68KB V1.0.0 RC5 is now released and available for download here. This is a security release and ALL users should upgrade. This fixes a remote file injection in the themes/admin/default/modules/show.php file. If at the very least replace that file. All users should upgrade as soon as possible.

68KB V1.0.0 RC4 is now released and available for download here. This is a security release and ALL users should upgrade. We have had several security vulnerabilities reported over the past week and this release fixes them all. The fixes include:

• CSRF Attack
• Remote file include
• Search SQL Injection

All users should upgrade as soon as possible.

This is a note to let everyone know v1.0.0 rc3 is now released. This release has no new features but does include a fix to a security vulnerability reported by “Jelmer de Hen” with the searching. So you SHOULD upgrade and at the very least replace includes/application/controllers/search.php. Here is the direct link to the download page: http://68kb.com/download/.

Other News

Development has slowed down a lot lately mainly because I have had a second child and haven’t had much time to devote but we have some big plans for 68KB this year.

As many CodeIgniter users probably already know v2.0 of the framework is currently in beta so we will be migrating all the code over to it. We will probably skip a fully stable v1 release and instead start working v2 because of the framework upgrade. The new code is moving from Google hosting over to github. You can follow the progress here: http://github.com/68designs/68KB

We will keep the google code up until the first official release of v2. Keep in mind we have no date in mind when that will be ready and we will be posting any news here on the blog.

Thanks again for everyone that is using 68KB and sorry for the two vulnerability reports in the same day. I do want to personally thank Jelmer de Hen for emailing me about this exploit. The other one I just happened to run across

It has been reported that v1.0.0 rc2 has a remote file include vulnerability. The file in question is themes/front/default/modules/show.php.

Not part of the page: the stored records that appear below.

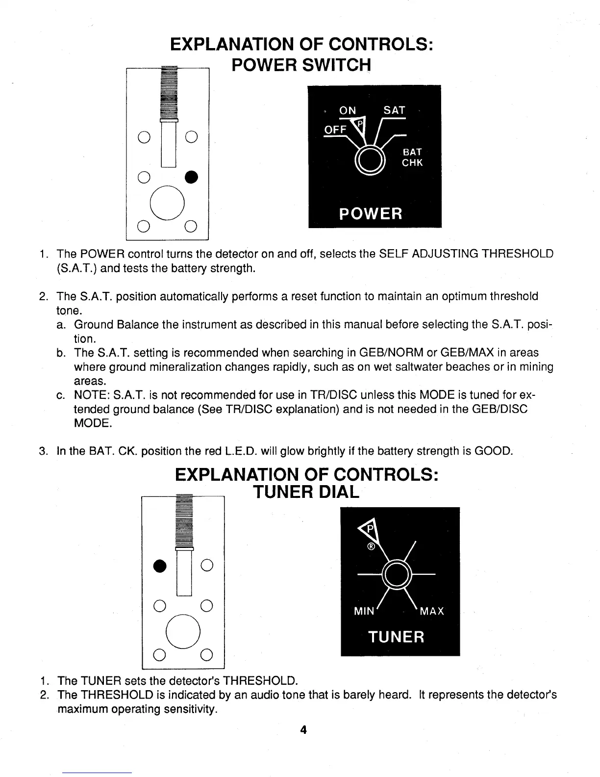 Whites 4900/D PRO PLUS - Power Switch and Tuner Dial; Power Switch Operation; Tuner Dial Adjustment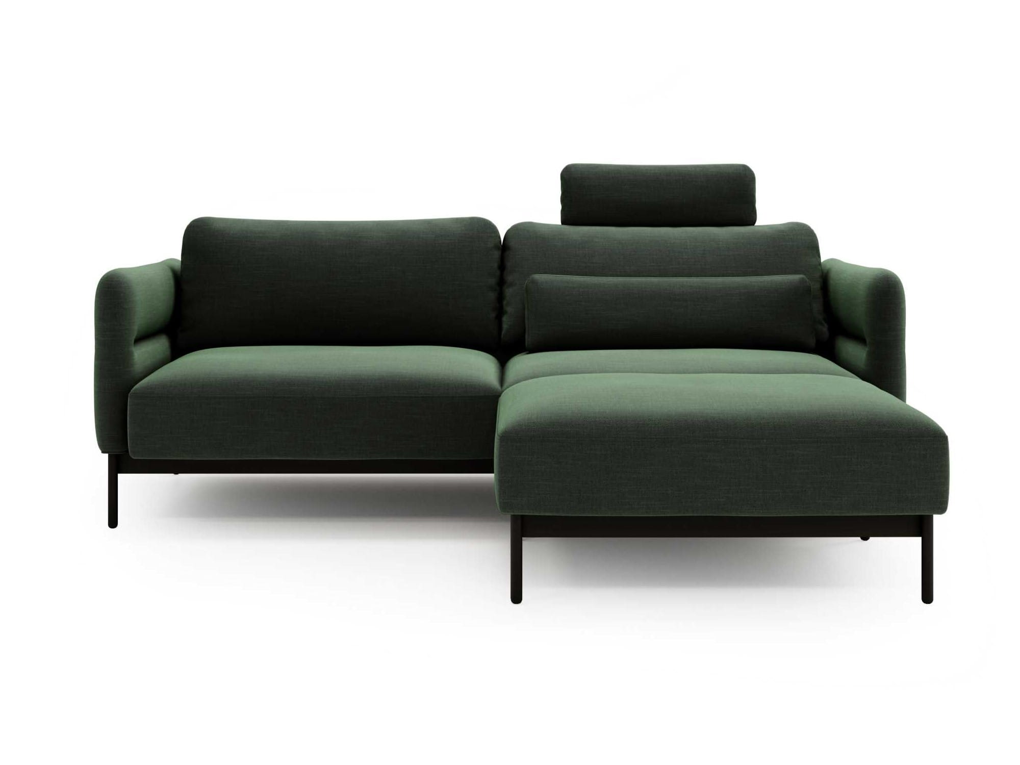 Starannie tapicerowany tył umożliwia umieszczenie mebla w centralnym punkcie pomieszczenia. Stałe podłokietniki dodają elegancji i funkcjonalności, a wyjątkowy design wyróżnia narożnik w każdym wnętrzu. Solidna konstrukcja z metalu gwarantuje długotrwałe użytkowanie. Duże poduszki zapewniają wygodne podparcie, a dodatkowa poduszka dekoracyjna uzupełnia jego wygląd.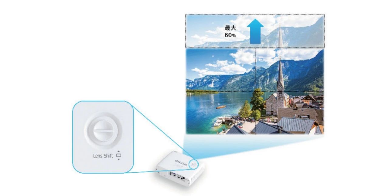 除了1.6x高倍鏡頭以外,理光PJ RU220還配置了垂直60%寬幅鏡頭位移,能夠突破安裝環(huán)境的限制,大幅提升安裝位置的自由度,這一點(diǎn)對(duì)于多樣化的辦公環(huán)境而言是非常不錯(cuò)的改變。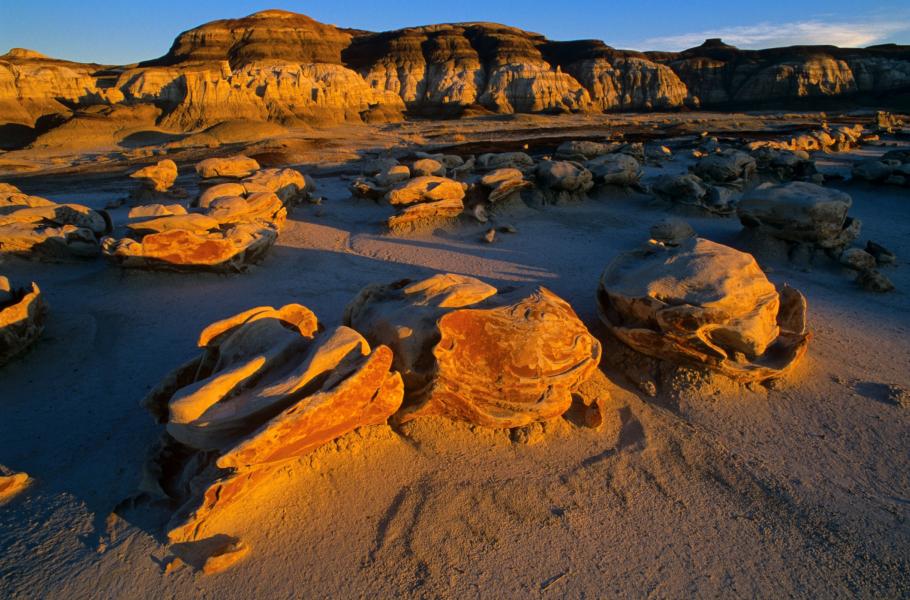 V Bisti Badlands leží místy kameny těch nejneobvyklejších tvarů – zbytnělé pokličky na štíhlých jílovitých nohách, viklany a kamenné koule. Některé kupky vypadají jako eskymácká iglú. Na jednom místě se nacházejí i pukající zaoblené kameny, které nám svou velikostí a tvarem připomínají obří dinosauří vajíčka těsně před vylíhnutím.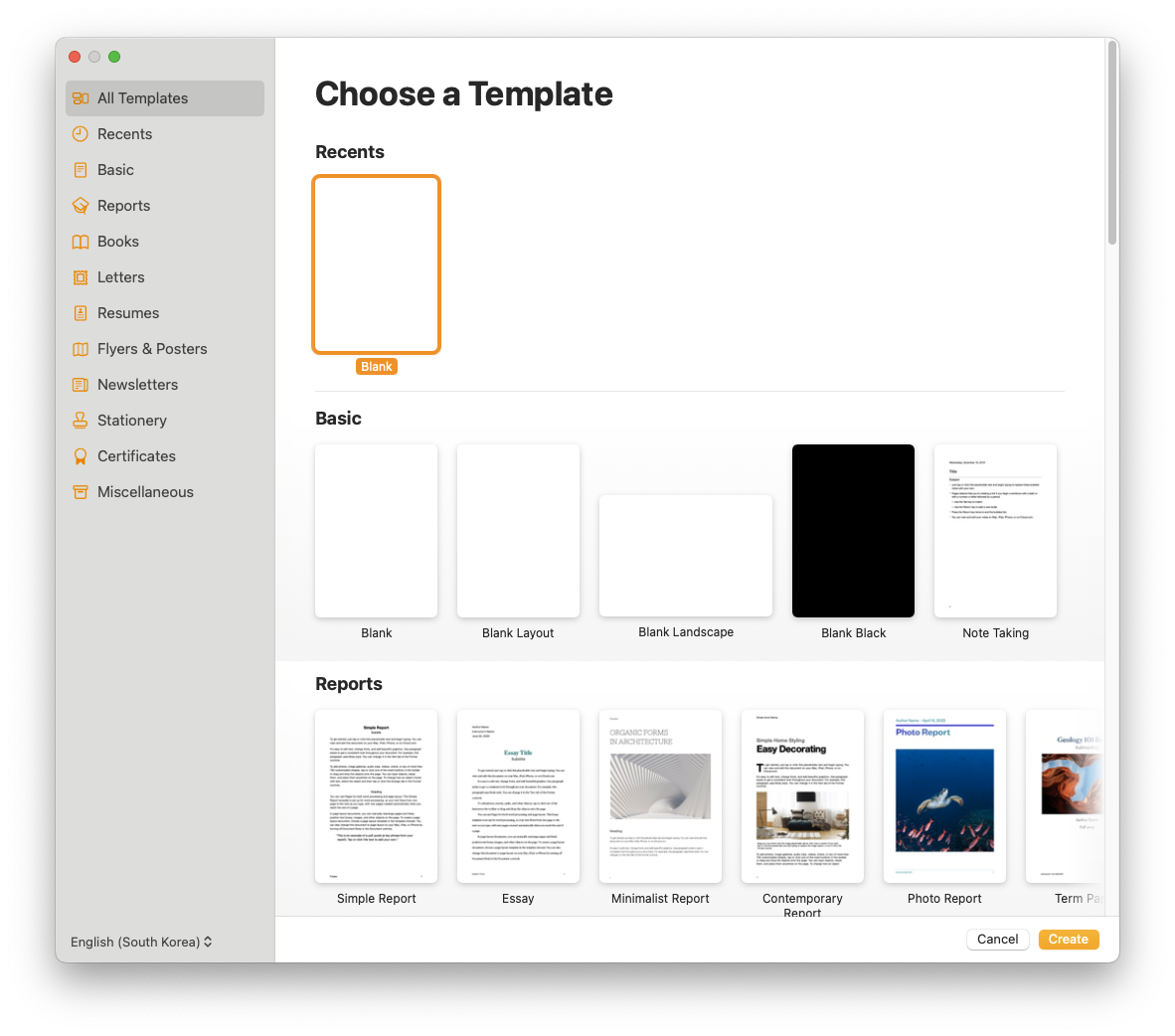 최근문서(Recents), 기본(Basic), 리포트(Reports) 양식 등이 있으므로 본인이 작성하는 문서에 맞게 활용해 보자.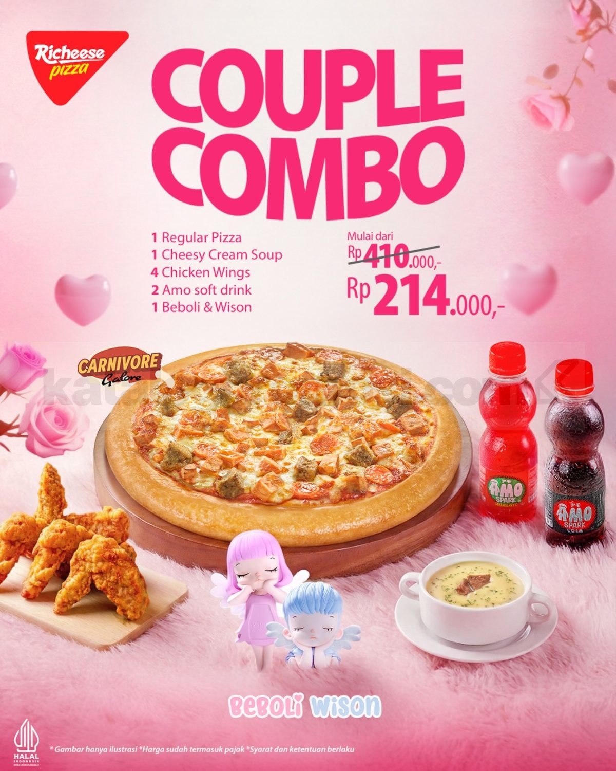 Tidak hanya itu, Promo Richeese Pizza Couple Combo Harga Spesial Rp. 214.000 juga dilengkapi dengan blindbox Beboli & Wison yang bisa menjadi kejutan manis saat menikmati hidangan bersama. Kombinasi menu lengkap dan bonus ini membuat pengalaman makan terasa lebih spesial tanpa perlu memilih menu satu per satu.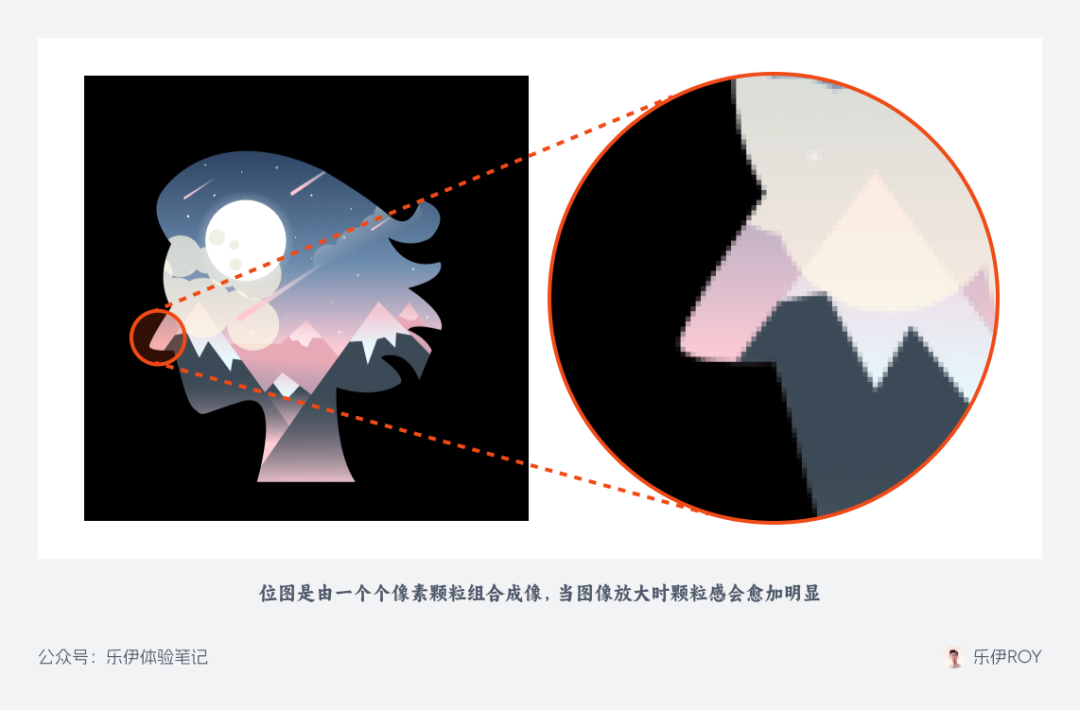 位图的专业称呼是点阵图或栅格图,它的常见格式有jpg、gif、png等。这类图像是由一个个像素点所组成的,每个像素点都是一个颜色方块,当不同方块组合在一起我们整体来看时,最终就是一张完整的图像了。下图是由矢量图栅格化转化成的位图,可以看到图像边缘有非常明显的颗粒感。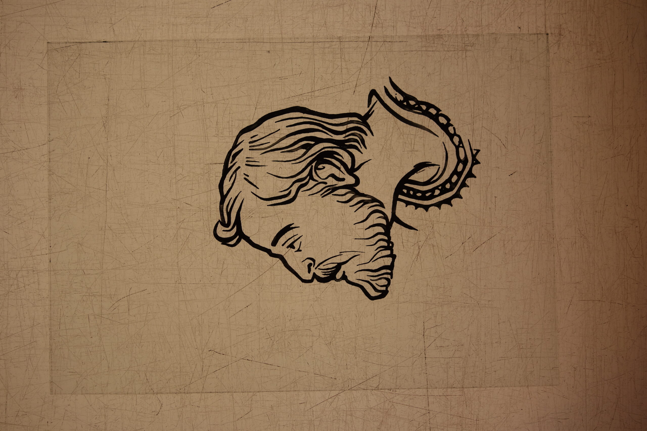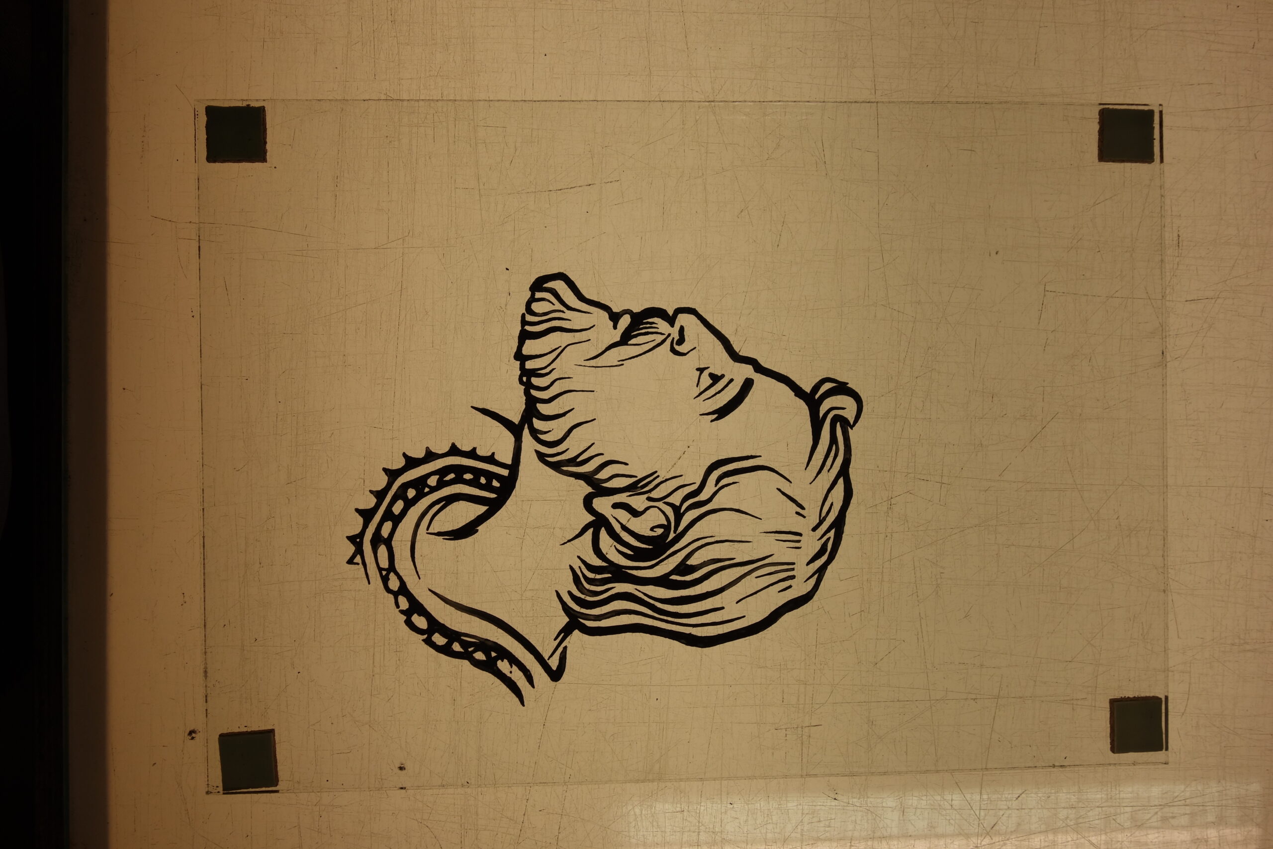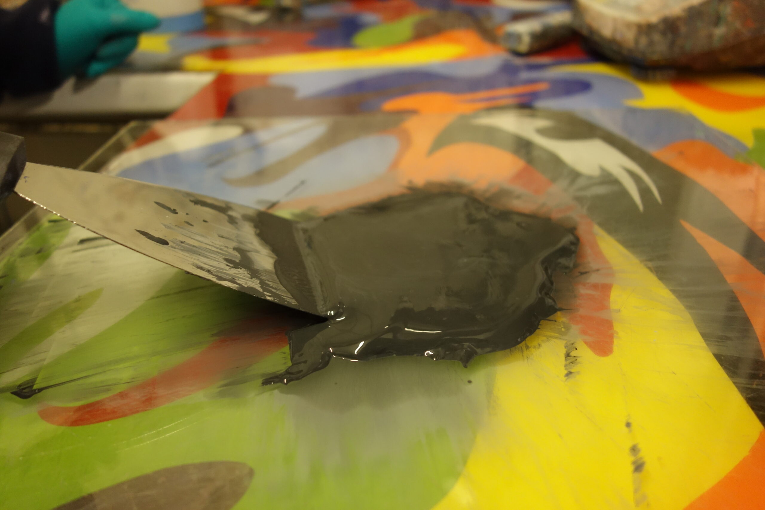 Mixing the glasspaintpowder with arabic gum and water. Application with a dragbrush for long lines.

This is only a vulnerability if your server has registered globals turned on. The easiest way to fix this is to turn OFF registered globals.

If for some reason your host has globals turned on you can create a .htaccess with this code in your sites root:

php_flag register_globals off

or if you have access to php.ini:

register_globals = off

68KB RC2 is now released and ready for download. This release fixes all the bugs reported to date and also fixes the critical install error bug.